During Faeser’s visit: Erdoğan wants to “exterminate” Kurdish militias

In the shadow of the recent Turkish military offensive, the German Interior Minister is visiting the country. In Ankara, she calls for compliance with international law.

Turkish President Recep Tayyip Erdoğan is also taking increasingly martial tones during the visit of Federal Interior Minister Nancy Faeser (SPD). After the start of the new offensive in Syria and Iraq, the German politician called on Turkey to prevent an escalation of violence. Turkey’s response must be proportionate, Faeser said on Tuesday. Erdoğan, on the other hand, did not promise an end to the attacks on the Kurdish militias any time soon.

“As soon as possible, God willing, we will exterminate everyone together with our tanks, soldiers and companions,” said the Turkish president. “From now on there is only one measure for us, one border. And that is the security of our own country.”

Taql Baql in Syria: A power station was damaged by airstrikes by Turkey. (Source: Baderkhan Ahmad)

Since Sunday, Turkey has launched attacks on Kurdish militia positions in Syria and Iraq, which it blames for a November 13 attack in central Istanbul. Both the Syrian Kurdish militia YPG and the outlawed Kurdish Workers’ Party PKK deny any responsibility for the explosion, which killed six people. Read more here.
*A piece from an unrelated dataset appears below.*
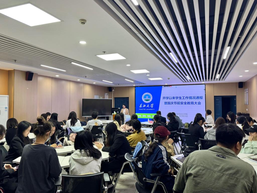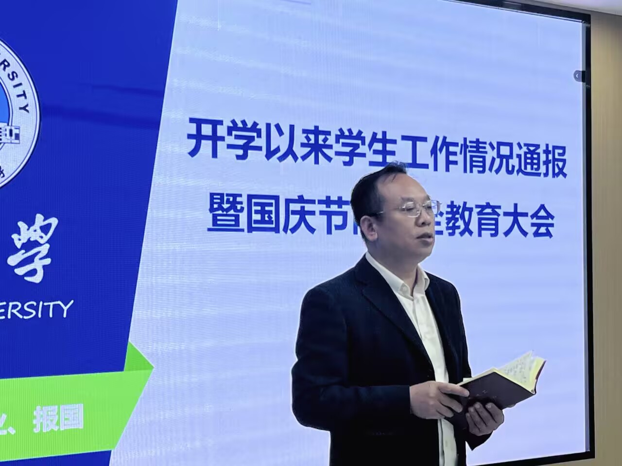 普通本科生奖助学金管理办法》进行了解读,部署了2024-2025学年学生工作先进集体和先进个人评选工作。随后,邓鹏老师重点就研究生国庆假期安全稳定工作进行了强调,要求全体学生干部切实履行提醒与监督职责,全力保障广大同学平安度过假期。

The Turkish Defense Ministry spoke on Tuesday evening about attacks from the air and with cannons on land. According to the Turkish army, 184 “terrorists” were “neutralized”. The Turkish government and armed forces also often use the term for Kurdish groups that have recently been attacked in both neighboring countries. Turkey sees the YPG as an offshoot of the outlawed Kurdish Workers’ Party PKK. The PKK is also considered a terrorist organization in Germany, while the YPG is not.

Faeser’s counterpart is considered a hardliner

In his meeting with Interior Minister Faeser, Turkish Interior Minister Soylu defended Turkey’s actions in Syria and Iraq and said there were attempts to establish a terrorist state there. Ankara cannot allow that. Faeser said they support Turkey in the fight against terrorism, but civilians must be protected and international law must be respected.

Turkey Germany
Interior Minister Faeser (left) on a state visit: Her counterpart Süleyman Soylu is considered a hardliner. (Source: uncredited/Turkish Ministry of Interior/dpa/dpa-images)

Soylu is considered a nationalist hardliner in Erdoğan’s cabinet. During the meeting of the two interior ministers, topics such as the fight against organized crime and migration were also discussed, the ministry said.

The federal government had already called on Ankara on Monday to comply with international law. Turkey justifies its offensive with the right of self-defense. “The right of self-defense does not imply the right of retaliation,” said Christofer Burger, spokesman for the Ministry of Foreign Affairs.

The US and Russia urge restraint

Meanwhile, the Syrian Observatory for Human Rights reports renewed attacks on targets in Syria. Two Kurdish fighters were killed and three others seriously injured in a drone strike on a military base on Tuesday. The base is jointly used by the US-led international coalition and Kurdish fighters. A spokesman for the US Army Central Command (Centcom) said on Tuesday that US soldiers stationed in the region were “not in danger”. “The next airstrikes were at least 20 to 30 kilometers away,” said the spokesman.